In real business cases, when we finished in training, tuning and picking up the best model  
How we can get to real people for example applying for a Loan etc.?  
![](./pic/1.png)

- One option is to create a web-service for the created model (for example with Flask) and upload it into Cloud to then interact with that service
- But how to make sure that our service is reliable enough to handle not 10 requests per second but 100 or even 1000 depending on use case?

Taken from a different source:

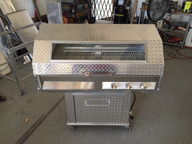 J&F Customs, diamond plate BBQ grill with stainless steel insides (Inc. burners/ cooking grates) This is the ultimate grill, light weight tempered glass and lighting to keep an eye on your cooking. Allows cooking options with charcoal and/or propane gas burners and is 100% custom made to your liking. Made with quality & durability to last a lifetime, over 20 years in the grilling industry! Give us a call for all of your grilling needs! Instagram: @JFcustomgrills J&F Customs ofrece los mejores hornos/BBQ. Hechos todo a mano de material liviano, diamond plate y stainless steel (cristal templado para tener vista a lo que cocina). Ofrecemos opciones de gas or carbón y combinación de los dos como el que ves en esta foto. Le podemos agregar cualquier opcion/es a su gusto. Hecho con calidad y durabilidad. Tenemos más de 20 años de experiencia. ¡Contáctenos hoy para hacerle el horno que usted desea!

In this project, we will see how to build ML models on scale:
- build and deploy ML service
- customize ML service to fit specific use case
- Make service **production ready**

### What is production ready?
1. Scalability
2. Operationally efficiency
    - being able to maintain service without spending too much time on that
3. Repeatability (CI/CD)
    - what if we need to update the model every week?
4. Flexibility
    - meet business requirements in changing conditions
5. Resiliency
    - we need to be able to easily get back to a stable version
6. Easy to use-ity

![](./pic/2.png)

- Bento - packing all the components of ML service into some sort of deployable unit

# Building Service

we are going to take Model that we selected in the previous module (Tree-based models), specifically XGBoost model and build service on it

In [4]:
#imports
import pandas as pd
import numpy as np

import xgboost as xgb
from sklearn.model_selection import train_test_split
from sklearn.feature_extraction import DictVectorizer
from sklearn.metrics import roc_auc_score

In [5]:
#data loading and preparation:
df = pd.read_csv('./data/CreditScoring.csv')
df.columns = df.columns.str.lower()
# map target variable:
df['status'] = df['status'].map({
    1: 'ok',
    2: 'default',
    0: 'unk'
})
# map other features:
home_values = {
    1: 'rent',
    2: 'owner',
    3: 'private',
    4: 'ignore',
    5: 'parents',
    6: 'other',
    0: 'unk'
}
df['home'] = df['home'].map(home_values)
# matrital:
marital_values = {
    1: 'single',
    2: 'married',
    3: 'widow',
    4: 'separated',
    5: 'divorced',
    0: 'unk'
}
df['marital'] = df['marital'].map(marital_values)
# records:
records_values = {
    1: 'no',
    2: 'yes',
    0: 'unk'
}
df['records'] = df['records'].map(records_values)
#jobs:
job_values = {
    1: 'fixed',
    2: 'partime',
    3: 'freelance',
    4: 'others',
    0: 'unk'
}
df['job'] = df['job'].map(job_values)

for column in ['income', 'assets', 'debt']:
    df[column] = df[column].replace(to_replace=99999999, value=np.nan)
df = df.fillna(0)
df = df[df['status'] != 'unk'].reset_index(drop=True)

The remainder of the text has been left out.